Chris Jasper/LONDON

Aircraft interiors specialist B/E Aerospace has issued a profits warning for its current fiscal year and the next after experiencing major difficulties in its seating products group, the largest single element of B/E's business.

Florida-based B/E, the world's largest manufacturer of aircraft seats, blames production problems in its seating unit for charges totalling $82 million which it says must be absorbed over the next three months.

B/E says its problems relate to the large number of new products it has been introducing, coupled with failures in the manufacturing process and the simultaneous implementation of a new management information system.

The company, which recently announced its intention to leave the in-flight entertainment (IFE) sector, says its margins first came under pressure in the latter part of FY1999 - which ended in February - and that expected improvements have failed to materialise.

B/E's problems have led to increased rework of seats and delayed deliveries to customers, causing some airlines to divert seating contracts elsewhere, or to defer programmes to mitigate delivery risk.
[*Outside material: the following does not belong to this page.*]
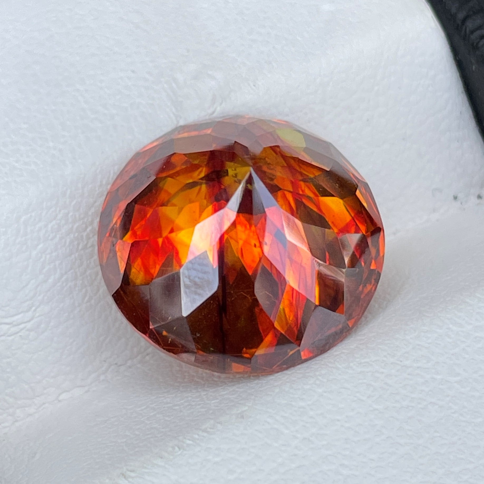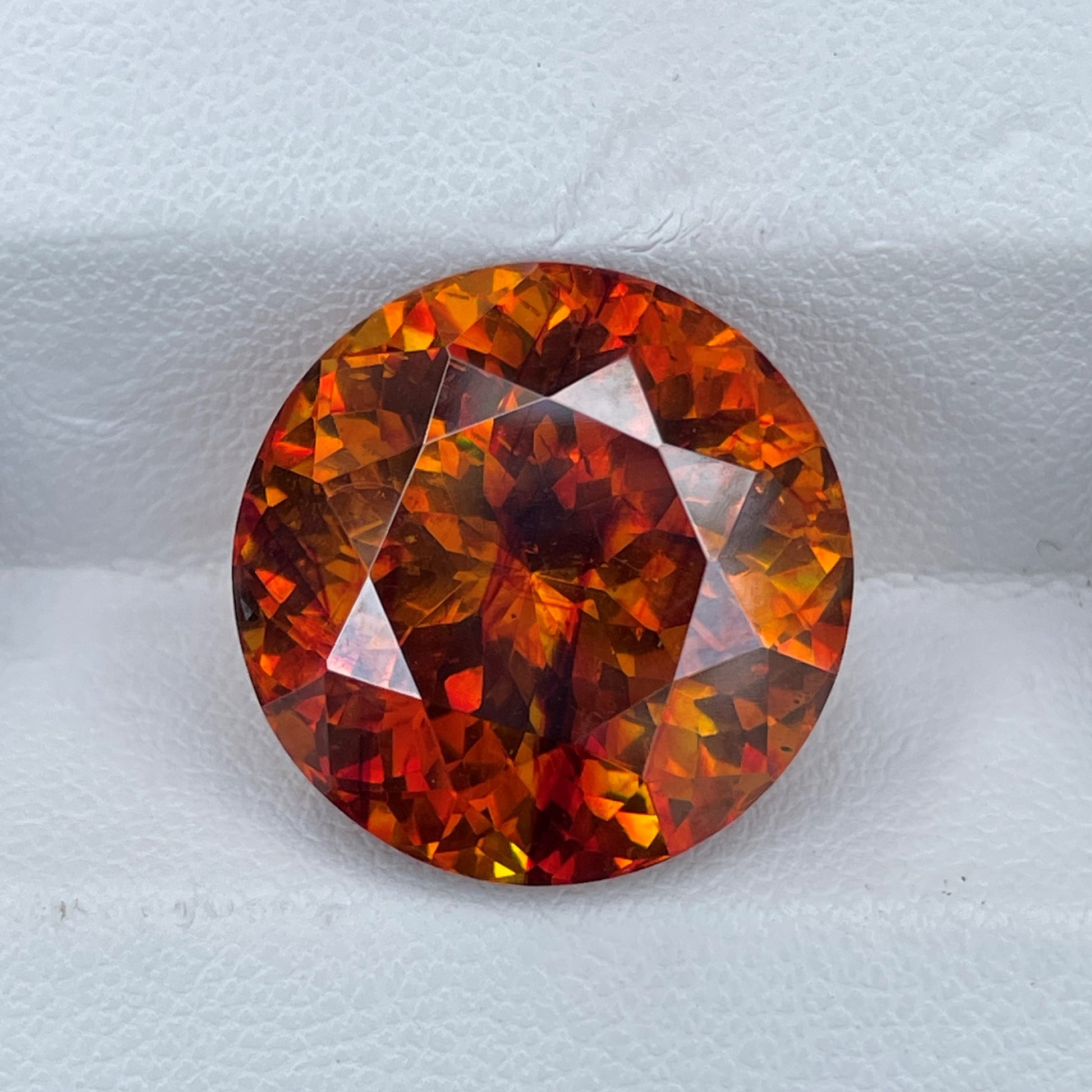 A magnificent round-cut Orange Sphalerite displaying an intense fiery hue and dazzling brilliance. Its vibrant color and sparkling luster make it a striking centerpiece for any collection or custom jewelry creation.

The interiors giant expects to take a loss for the third quarter of FY2000, which ended on 27 November. It hopes to return to profitability this quarter, but its seating crisis will affect results well into FY2001.

B/E's charges will be made up of a $25 million hit in the quarter just ended for late penalties, out-of-sequence costs, warranty costs, delivery-expediting costs and other customer concessions, $33 million for product cuts, facility consolidation and job losses, and $24 million - to be taken by the end of its current quarter - relating to production and engineering inefficiencies.

Anticipated sales for FY2000 are $715-$720 million, accompanied by a record net loss of $1.50-$1.60 per share. Revenues for FY1999 were $701 million, of which seating products contributed $296 million, or 42%. FY2001 sales are expect to fall to around $650 million, albeit with modest profitability restored. B/E can produce up to 200,000 seats a year, or more than 50% of the annual world requirement.